The Court did not rule out the possibility of corporate liability if the presumption against extraterritoriality could be overcome by acts that sufficiently "touch and concern" the United States. Lower court decisions were divided. After the Supreme Court's 2018 decision in Jesner v. Arab Bank, PLC ruled out an ATS cause of action against foreign corporate defendants, the significance of the "touch and concern" test remains unclear.

Kiobel is considered a 'foreign cubed' case in which foreign plaintiffs made a claim against a foreign company for human rights violations overseas.

==Background==
The plaintiffs in Kiobel were Esther Kiobel and other citizens of Nigeria who claimed that Dutch, British, and Nigerian oil-exploration corporations aided and abetted the Nigerian government in the 1990s to commit violations of customary international law. The plaintiffs claimed that Royal Dutch Shell compelled Shell Nigeria its Nigerian subsidiary, in cooperation with the Nigerian government, in a brutal crushing of peaceful resistance to aggressive oil development in the Ogoni Niger River Delta.

Plaintiffs sought damages under the ATS. The defendants moved to dismiss based on a two-pronged argument. Firstly, they argued that customary international law itself provides the rules to decide whether conduct violates the law of nations where non-state actors are alleged to have committed the wrong in question. Second, they contended that no norm has ever existed between nations that imposes liability upon corporate actors.

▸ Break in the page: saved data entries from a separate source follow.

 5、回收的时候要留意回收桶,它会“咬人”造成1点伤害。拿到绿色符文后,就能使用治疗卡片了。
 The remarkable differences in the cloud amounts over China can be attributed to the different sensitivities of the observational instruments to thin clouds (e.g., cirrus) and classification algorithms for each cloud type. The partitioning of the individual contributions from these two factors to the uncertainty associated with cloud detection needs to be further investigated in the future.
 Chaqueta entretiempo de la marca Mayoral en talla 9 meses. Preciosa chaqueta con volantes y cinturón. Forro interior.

On September 29, 2006, the district court dismissed the plaintiffs' claims for aiding and abetting property destruction; forced exile; extrajudicial killing; and violation of the rights to life, liberty, security, and association. It reasoned that customary international law did not define the violations with sufficient particularity. The court denied the defendants' motion to dismiss with respect to the remaining claims of aiding and abetting arbitrary arrest and detention; crimes against humanity; and torture or cruel, inhuman, and degrading treatment. The district court then certified its entire order for interlocutory appeal to the Second Circuit based on the serious nature of the questions at issue.

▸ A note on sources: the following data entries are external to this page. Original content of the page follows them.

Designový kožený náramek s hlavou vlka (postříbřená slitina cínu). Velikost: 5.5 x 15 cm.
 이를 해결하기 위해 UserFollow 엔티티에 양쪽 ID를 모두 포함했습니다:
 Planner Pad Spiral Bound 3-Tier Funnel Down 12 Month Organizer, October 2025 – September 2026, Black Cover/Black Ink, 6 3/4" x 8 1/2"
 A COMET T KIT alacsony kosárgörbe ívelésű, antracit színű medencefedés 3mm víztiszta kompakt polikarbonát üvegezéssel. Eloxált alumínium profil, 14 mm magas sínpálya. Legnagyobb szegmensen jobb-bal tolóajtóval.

In a 2–1 decision issued on September 17, 2010, the U.S. Court of Appeals for the Second Circuit held that corporations cannot be held liable for violations of customary international law:

- Under both U.S. Supreme Court and Second Circuit precedents over the previous 30 years that address ATS suits alleging violations of customary international law, the scope of liability is determined by customary international law itself.
- Under Supreme Court precedent, the ATS requires courts to apply norms of international law, not domestic law, to the scope of defendants' liabilities. The norms must be "specific, universal and obligatory".
- Under international law, "corporate liability is not a discernible—much less a universally recognized—norm of customary international law," and the court could apply to the ATS. Also, the plaintiffs' ATS claims should indeed be dismissed for lack of subject matter jurisdiction.

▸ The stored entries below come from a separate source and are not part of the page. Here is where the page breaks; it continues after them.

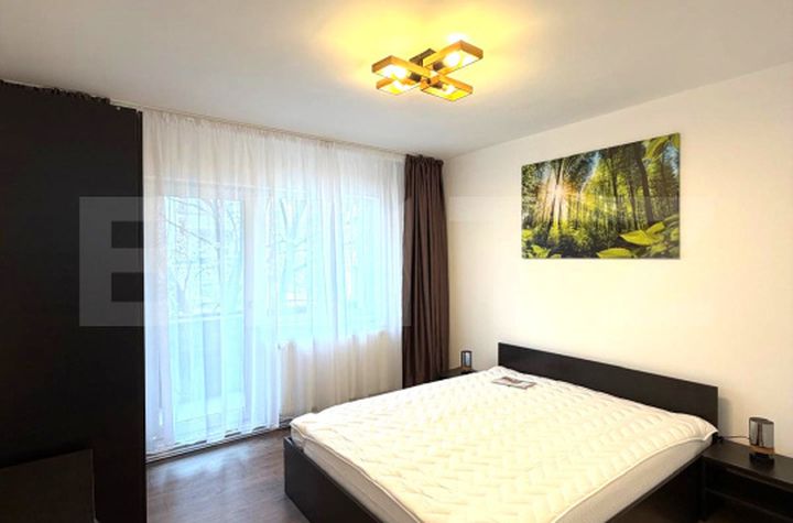 De inchiriat apartament cu 2 camere, situat in cartierul Intre Lacuri, zona strazii Dionisie Roman. Este pozitionat la etajul 1 din cele 4 nivele ale imobilului si dispune de o suprafata utila de 50 mp. Compartimentarea este decomandata apartamentul fiind compus din: 2 camere, bucatarie, hol, baie si 2 balcoane deschise insa acoperite. Finisajele si mobilierul sunt noi, apartamentul fiind renovat complet, aflandu-se la prima inchiriere dupa vizionare.
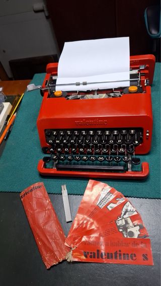 Máquina de escribir Olivetti Valentine original de color rojo y del año 1969. Diseño icónico italiano creada por Ettore Sottsass y en muy buen estado de conservación. Toda una joya! Teclado QWERTY, funciona perfecta. Ideal para coleccionistas o nostálgicos de la marca.
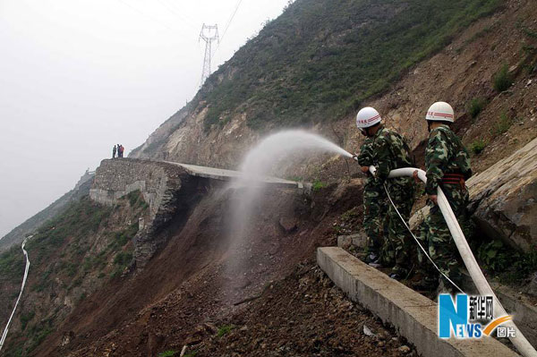 5月30日,消防官兵正在用高压水枪为垮塌山体排险。5月29日,四川省阿坝藏族羌族自治州汶川县一处山体塌方,造成213国道汶川段彻底中断,并有一条通村半山公路出现约50厘米宽的裂缝,但没有发现人员伤亡。这是2008年“汶川特大地震”发生后,这条有着“震中生命线”之称的国道第三次因山体大塌方中断。新华社发(汶宣摄)
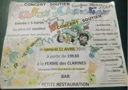 L’enjeu, réunir des fonds pour son procès à venir. Lors d’une manifestation le 20 février 2012 visant à demander l’interdiction du maïs Mon810 de Monsanto, Christian a été, selon son témoignage, « projeté au sol par les forces de l’ordre ». Résultat : une vertèbre fracturée et cinq mois d’arrêt de travail. Un premier dépôt de plainte à la gendarmerie est rejeté par le procureur. Plus de trois ans après les faits, un deuxième dépôt de plainte est toujours en cours d’instruction.
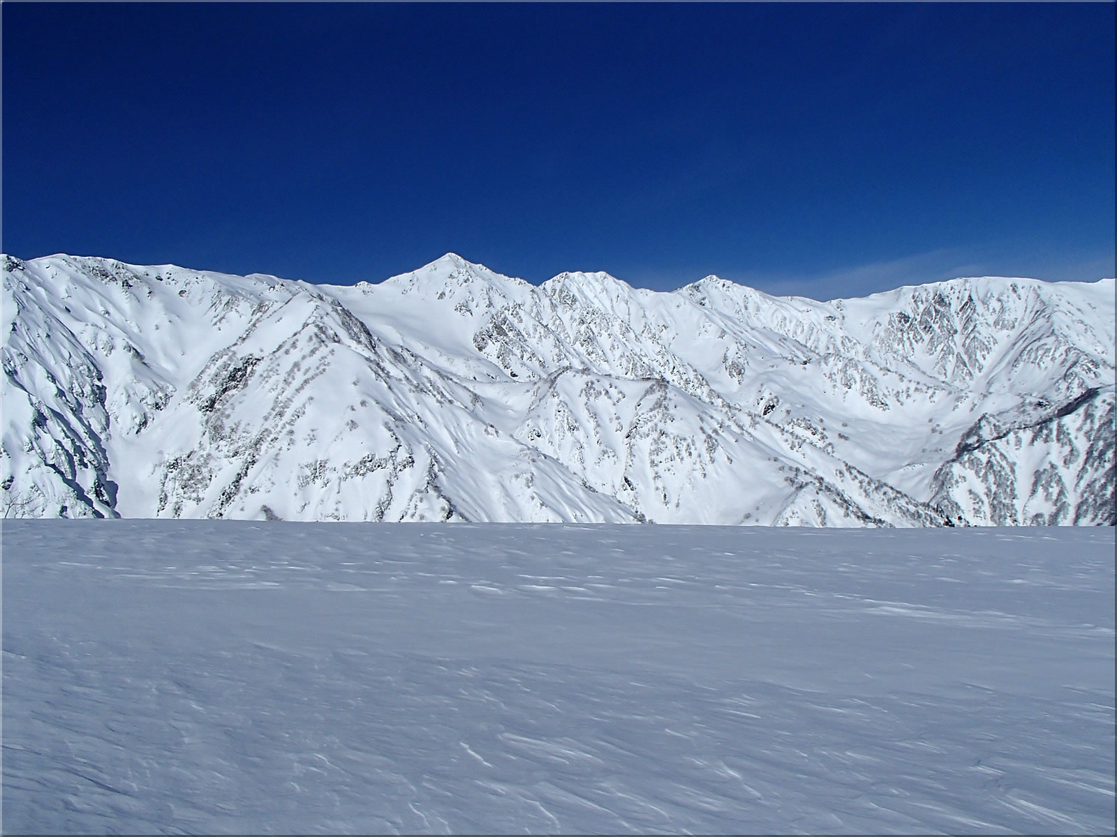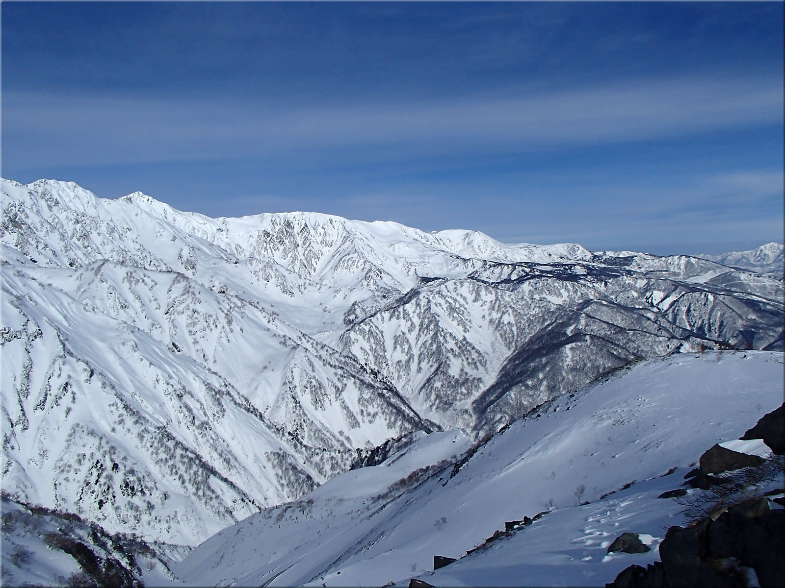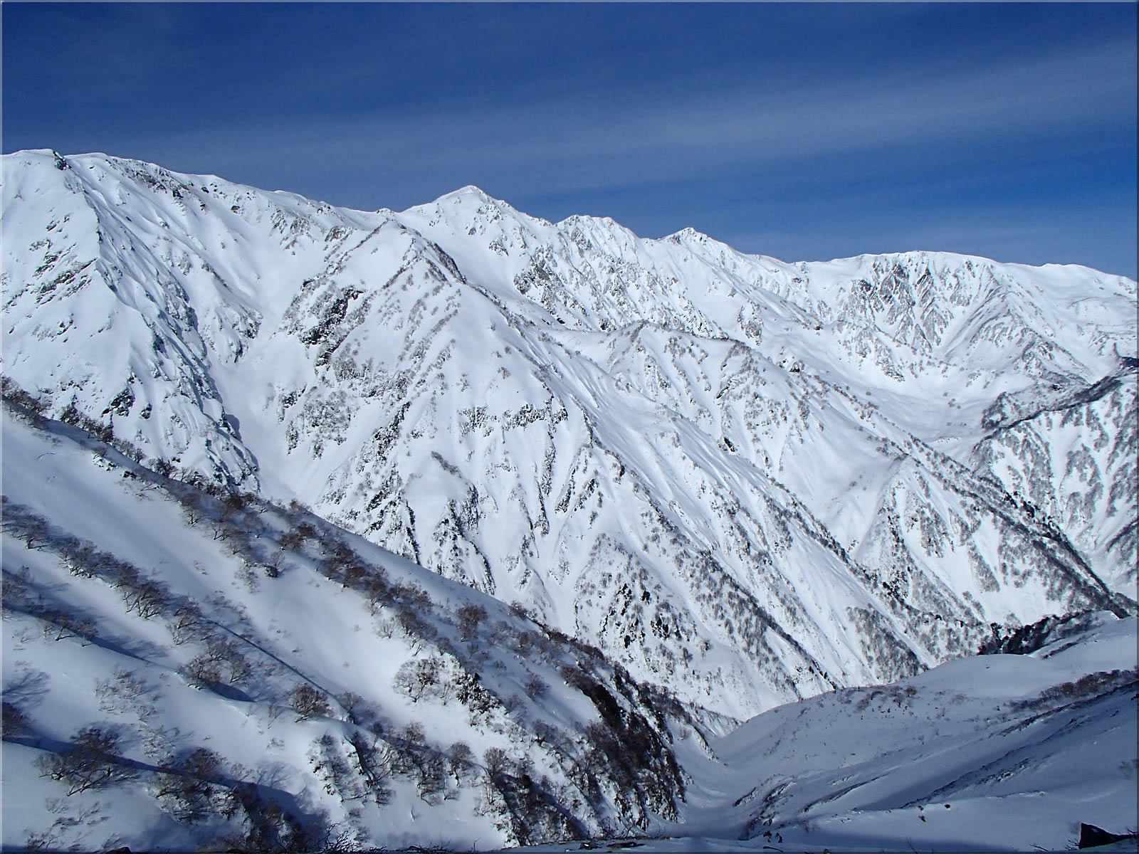 白馬乗鞍岳、天狗原をズーム。向こうも雪は増え、滑るのは問題無さそうです。

Kiobel petitioned the Supreme Court for review of the Second Circuit's decision. It was granted on October 17, 2011. Oral arguments were held on February 28, 2012, with Kathleen Sullivan arguing for Shell and Deputy Solicitor General Edwin Kneedler arguing as a friend to Kiobel.

The arguments received considerable attention in the legal community.

Unexpectedly, the Supreme Court announced, on March 5, 2012, that it would hold additional argument on the case during the October 2012 term. It directed the parties to file new briefs on the question "Whether and under what circumstances the Alien Tort Statute, 28 U.S.C. § 1350, allows courts to recognize a cause of action for violations of the law of nations occurring within the territory of a sovereign other than the United States."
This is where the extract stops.